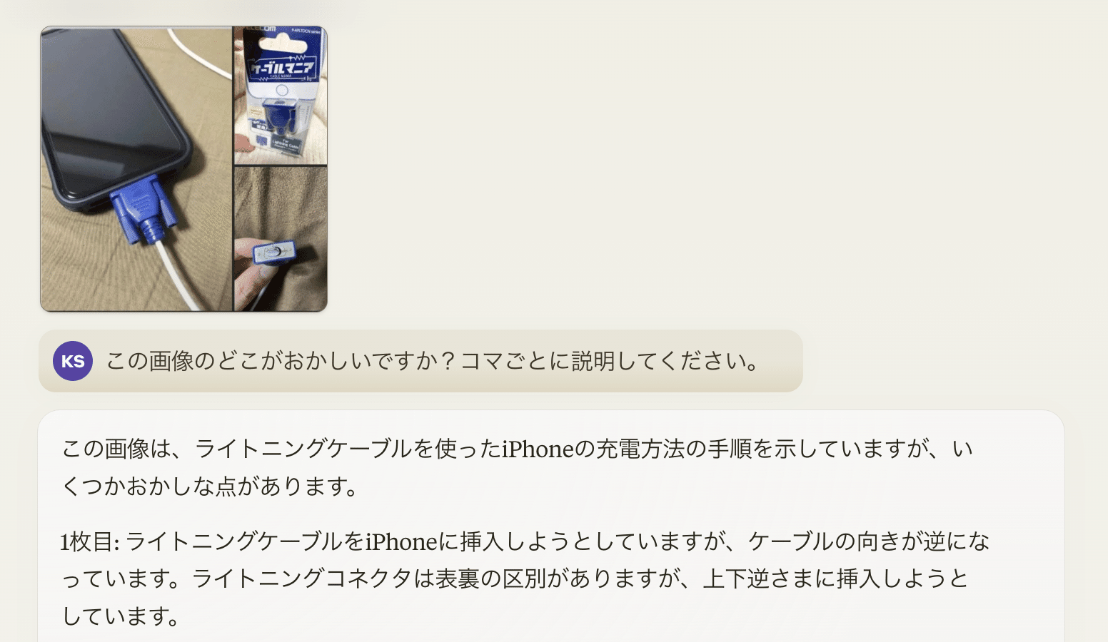この画像は、ライトニングケーブルを使ったiPhoneの充電方法の手順を示していますが、いくつかおかしな点があります。
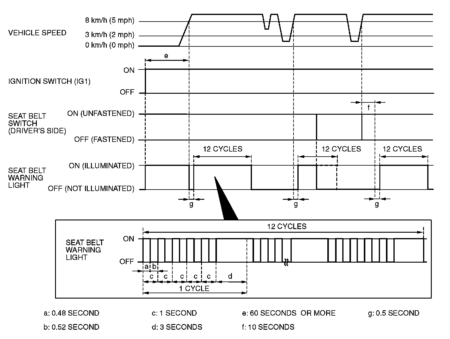 a. The vehicle speed has reached 8 km/h (5 mph) while the seat belt switch is turned on (driver's seat belt is not fastened) with the ignition switch "ON.
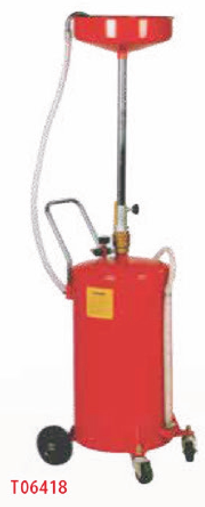 18 gallon self-evacuating oil drainer designed for efficient oil collection in workshops. Features heavy-duty construction, adjustable height and air pressure discharge system.
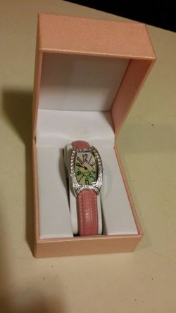 Pink leather, diamond trimmed, mother of pearl face watch.$25Saint Paul, MN
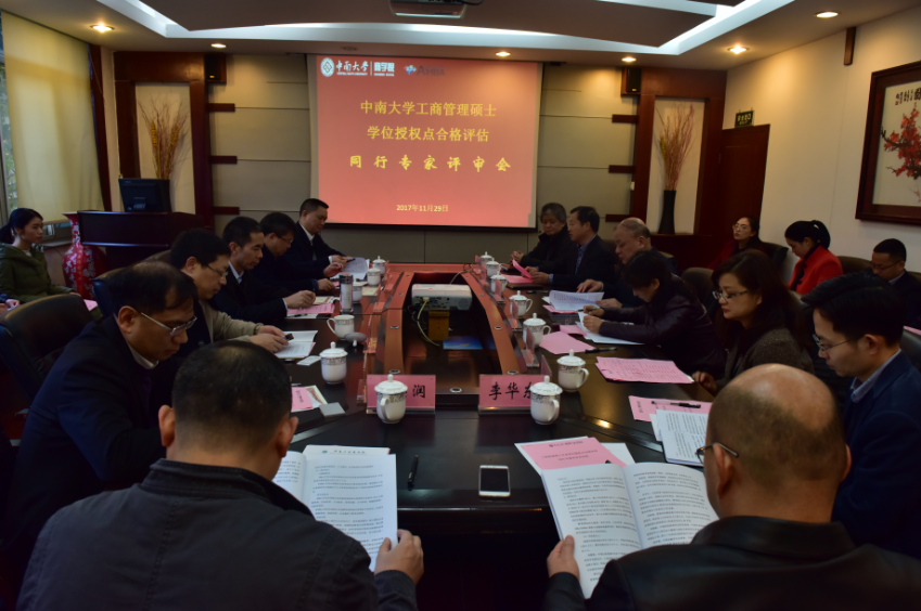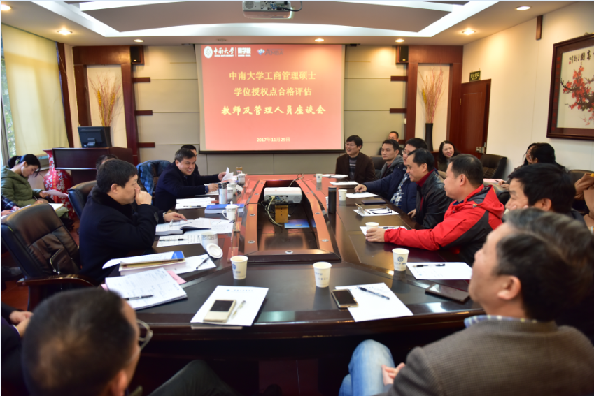 根据国务院、教育部关于印发《学位授权点合格评估办法》的通知(学位[2014年]4号)和《德赢vwin体育官网登录学位授权点合格评估工作方案》(中大研字[2015年]10号文件)的相关要求及安排。在预先评审相关材料的基础上,中山大学李新春教授、合肥工业大学梁昌勇教授、重庆大学龙勇教授、湖南省轻工盐业集团李志勇总经理和湖南湘投控股集团有限公司、湖南国企改革发展基金管理有限公司蔡神元董事长莅临德赢vwin体育官网登录进行现场评估。
_ _ _
## WHAT IS NEEDED
Please transcribe, word for word, every line from the one containing "Pink leather, diamond" through the last line of the records, both included, and leave the pictures out.

## ANSWER TO THIS PROBLEM
 Pink leather, diamond trimmed, mother of pearl face watch.$25Saint Paul, MN
 根据国务院、教育部关于印发《学位授权点合格评估办法》的通知(学位[2014年]4号)和《德赢vwin体育官网登录学位授权点合格评估工作方案》(中大研字[2015年]10号文件)的相关要求及安排。在预先评审相关材料的基础上,中山大学李新春教授、合肥工业大学梁昌勇教授、重庆大学龙勇教授、湖南省轻工盐业集团李志勇总经理和湖南湘投控股集团有限公司、湖南国企改革发展基金管理有限公司蔡神元董事长莅临德赢vwin体育官网登录进行现场评估。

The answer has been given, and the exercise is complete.